Of course, ::operator new never does such things. g++ doesn't now
that, though, and assumes worst-case.

Regards,
Martin

^ permalink raw reply	[flat|nested] 11+ messages in thread

* Re: EGCS bad on loop invariant optimization ?
  1998-04-19 15:57 ` John Carr
@ 1998-04-20 21:13   ` Jeffrey A Law
  1998-04-21  7:36     ` Gabriel Dos Reis
  1998-04-21 13:29   ` Gabriel Dos Reis
  1 sibling, 1 reply; 11+ messages in thread
From: Jeffrey A Law @ 1998-04-20 21:13 UTC (permalink / raw)
  To: John Carr; +Cc: Gabriel Dos Reis, egcs, wilson

  In message < 199804192208.SAA19223@jfc. >you write:
  > 
  > Try this patch.
  > 
  > Sun Apr 19 18:07:14 1998  John Carr  <jfc@mit.edu>
  > 
  > 	* alias.c (true_dependence): If neither mode is QI or BLK and the
  > 	modes are different, X and MEM do not alias.
Looks correct to me.

One day it would be nice to distinguish items which have the same
size, but are different types (ie pointers vs int/log, but we need
help from the front end, or a first-class Pmode for that).

jeff

^ permalink raw reply	[flat|nested] 11+ messages in thread

* Re: EGCS bad on loop invariant optimization ?
  1998-04-20 21:13   ` Jeffrey A Law
@ 1998-04-21  7:36     ` Gabriel Dos Reis
  0 siblings, 0 replies; 11+ messages in thread
From: Gabriel Dos Reis @ 1998-04-21  7:36 UTC (permalink / raw)
  To: law; +Cc: John Carr, Gabriel Dos Reis, egcs, wilson

[-- Warning: decoded text below may be mangled, UTF-8 assumed --]
[-- Attachment #1: Type: text/plain, Size: 497 bytes --]

>>>>> «Jeff», Jeffrey A Law <law@hurl.cygnus.com> wrote:

Jeff>   In message < 199804192208.SAA19223@jfc. >you write:
>> 
>> Try this patch.
>> 
>> Sun Apr 19 18:07:14 1998  John Carr  <jfc@mit.edu>
>> 
>> * alias.c (true_dependence): If neither mode is QI or BLK and the
>> modes are different, X and MEM do not alias.
Jeff> Looks correct to me.

I can't get egcs-19989418 compiled (on solaris-2.5.x) due to several
parse errors.
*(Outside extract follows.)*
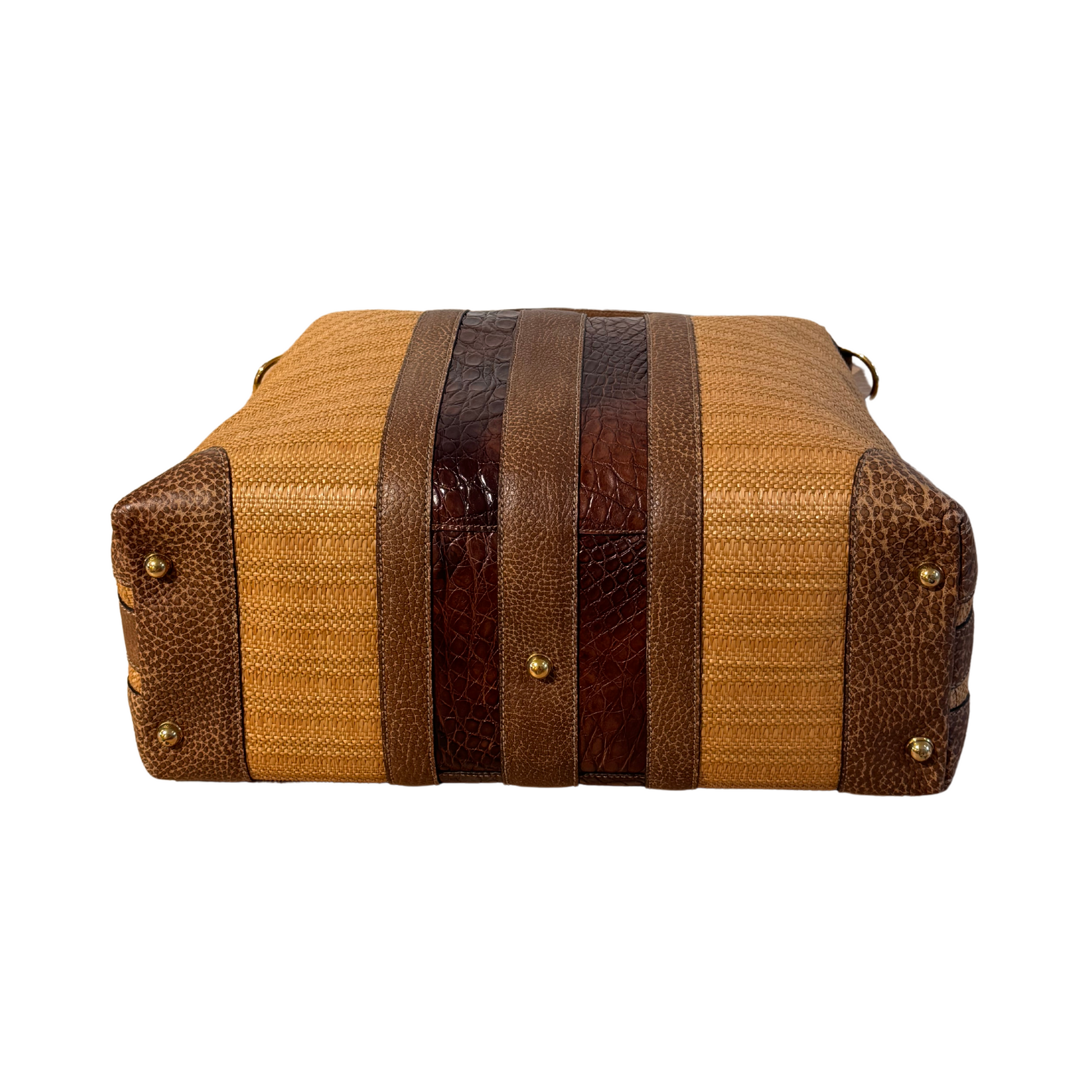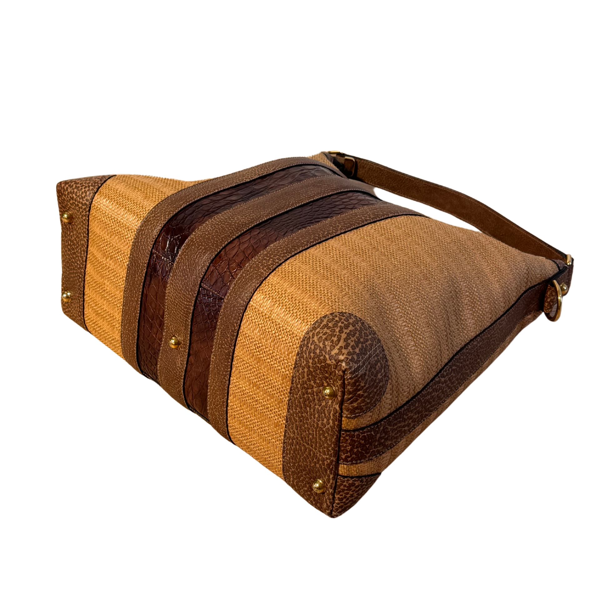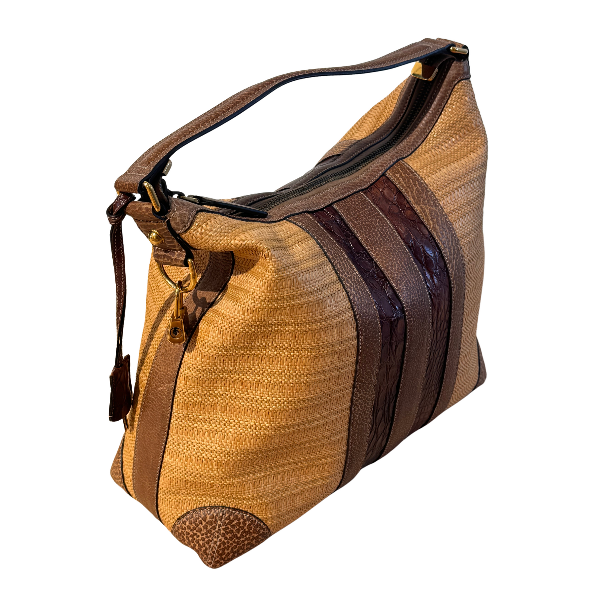 Borsa di Gucci modello Secret Hobo , edizione del 2010. Realizzata in rafia, pelle marrone e pelle di coccodrillo. Manico superiore e tracolla amovibile. Metalleria dorata. Cinque piedini d'appoggio. Apertura superiore con cerniera, interno in tessuto beige, tasca con cerniera.

As soon as it compiles it'll let know the results.

-- Gaby

^ permalink raw reply	[flat|nested] 11+ messages in thread

* Re: EGCS bad on loop invariant optimization ?
  1998-04-19 15:57 ` John Carr
  1998-04-20 21:13   ` Jeffrey A Law
@ 1998-04-21 13:29   ` Gabriel Dos Reis
  1 sibling, 0 replies; 11+ messages in thread
From: Gabriel Dos Reis @ 1998-04-21 13:29 UTC (permalink / raw)
  To: John Carr; +Cc: Gabriel Dos Reis, egcs

[-- Warning: decoded text below may be mangled, UTF-8 assumed --]
[-- Attachment #1: Type: text/plain, Size: 115 bytes --]
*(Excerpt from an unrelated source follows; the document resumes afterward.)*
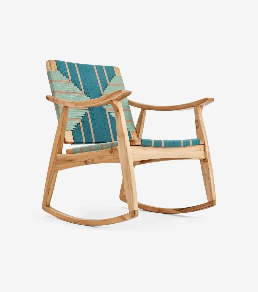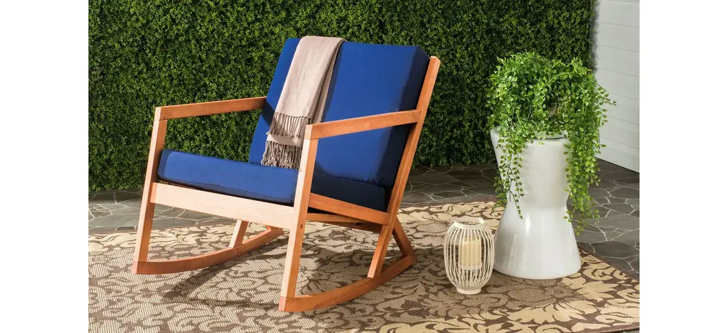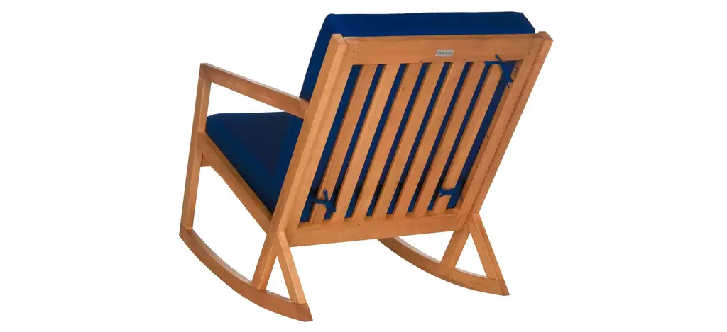 Contemporary with a nod to hand crafted Shaker individuality, this elegant outdoor rocking chair is destined to become a new American classic. Made from eco friendly eucalyptus wood in natural finish, it comes with easy care navy front and back cushions.

>>>>> «John», John Carr <jfc@mit.edu> wrote:

John> Try this patch.

It works for me. Thanks a lot.

-- Gaby

^ permalink raw reply	[flat|nested] 11+ messages in thread

* Re: EGCS bad on loop invariant optimization ?
  1998-04-19 18:48 ` Martin von Loewis
@ 1998-04-21 17:06   ` Gabriel Dos Reis
  1998-04-23  6:57     ` Martin von Loewis
  0 siblings, 1 reply; 11+ messages in thread
From: Gabriel Dos Reis @ 1998-04-21 17:06 UTC (permalink / raw)
  To: Martin von Loewis; +Cc: Gabriel.Dos-Reis, egcs

[-- Warning: decoded text below may be mangled, UTF-8 assumed --]
[-- Attachment #1: Type: text/plain, Size: 1955 bytes --]

>>>>> «Martin», Martin von Loewis <martin@mira.isdn.cs.tu-berlin.de> wrote:

[code snipped]

>> Can't EGCS see that a.data, b.data, c.data are loop invariants and
>> then move the loads out of the loop ? At least, one can expect
>> b.data and c.data to be subject of this kind of optimization since the
>> only way to access them is through the (leaf) *const* class member
>> fonction `array::operator[](size_t) const'. What am I missing ? 

Martin> I believe this would depend on how ::operator new is implemented.  It
Martin> *could* return pointers into the stack, so that the writes to a[i]
Martin> overwrite the contents of b and c, so that reloading b.date and c.data
Martin> is necessary.

Martin> Of course, ::operator new never does such things. g++ doesn't now
Martin> that, though, and assumes worst-case.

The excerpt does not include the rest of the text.